Against this backdrop, there was a lack of adequate housing in a country where most inhabitants live on less than $2 a day despite the nation having Africa's largest economy, said Leilani Farha, special rapporteur on adequate housing.
She also noted that the last census was conducted in 2006 and said there was a lack of official data for the government to develop an effective housing policy.
"There is a huge amount of corrupt money flowing directly into housing. Luxury housing units are being created and left vacant. Private cities are being built within cities while the bulk of the population remains unhoused,'' said Farha at the end of a 10-day visit that took in Abuja, the southwestern commercial hub of Lagos and southern oil city Port Harcourt.
In Nigeria, Lagos city has become a primary destination for rural to urban migrants in the country with millions of people lured annually into the state, for its perceived economic opportunities, and GDP growth.
With a growing population of over 21 million people, the need for property ownership drives the inflation on housing and accommodation in the metropolitan state.

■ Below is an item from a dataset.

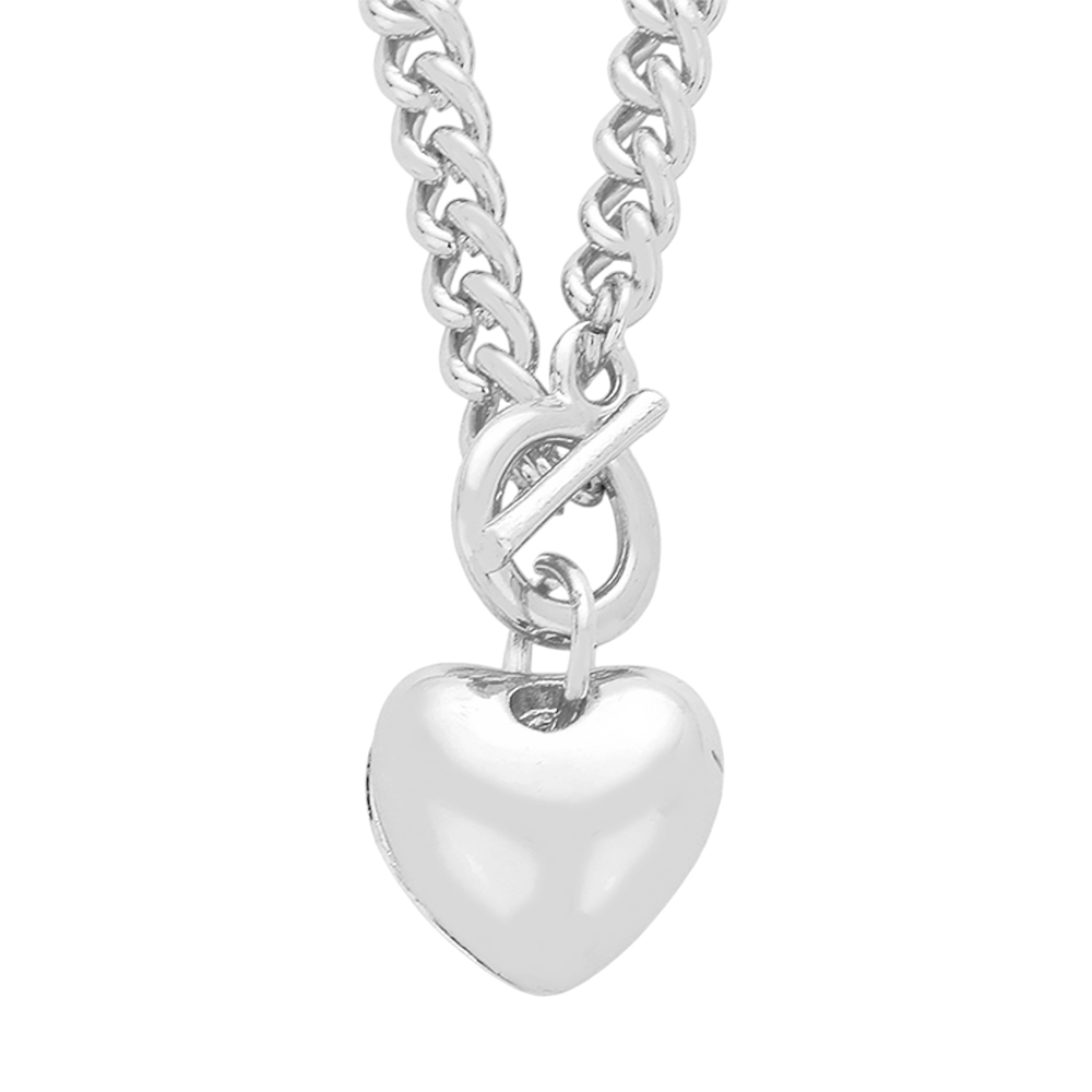 Heart Pendant Chunky Chain Toggle Necklace

Olawale Ayilara runs Landwey Investment, a real estate company operating across emerging property markets in Nigeria, developing commercial, retail and residential property segments.
Olawale says the way in which housing unit are constructed is part of the problem.
"It is a bit difficult for us to achieve a systematic accommodation for people. We are building horizontally instead of vertically and we should do that, we should maximize airspace because we cannot talk about airspace without maximizing the airspace," he said.
Northeast Nigeria has for the last decade been gripped by the insurgency waged by militant Islamist group Boko Haram that has forced around 2 million people to leave their homes. That, she said, had added to the housing crisis.
The rapporteur also criticized the use of force by state government authorities and property developers to evict entire communities.
The practice is often carried out in cities, most notably in the port city of Lagos, to make space for luxury housing which is unaffordable for the majority of locals.
Farha said hundreds of thousands of Nigerians, mostly women and children, had been evicted from their homes in the last few years by people using firearms, arson and arbitrary arrests.
"There must be a national moratorium on forced evictions declared by the Federal Government. Adequate legal and procedural safeguards need to be put in place to ensure that evictions do not take place and if they do take place, that they be absolutely consistent with international human rights law,'' she said.
Nigerian authorities have previously said shanty towns have been demolished because they were home to criminal gangs, making them a security threat as well breaching building regulations.
And the state government in Lagos, which attracts thousands of people each day in search of work from across Nigeria and neighboring countries, has repeatedly denied reports of brutality and possible violations of human rights laws.
The UN rapporteur said a national commission should be established to investigate alleged human rights violations and it should have the power to provide compensation.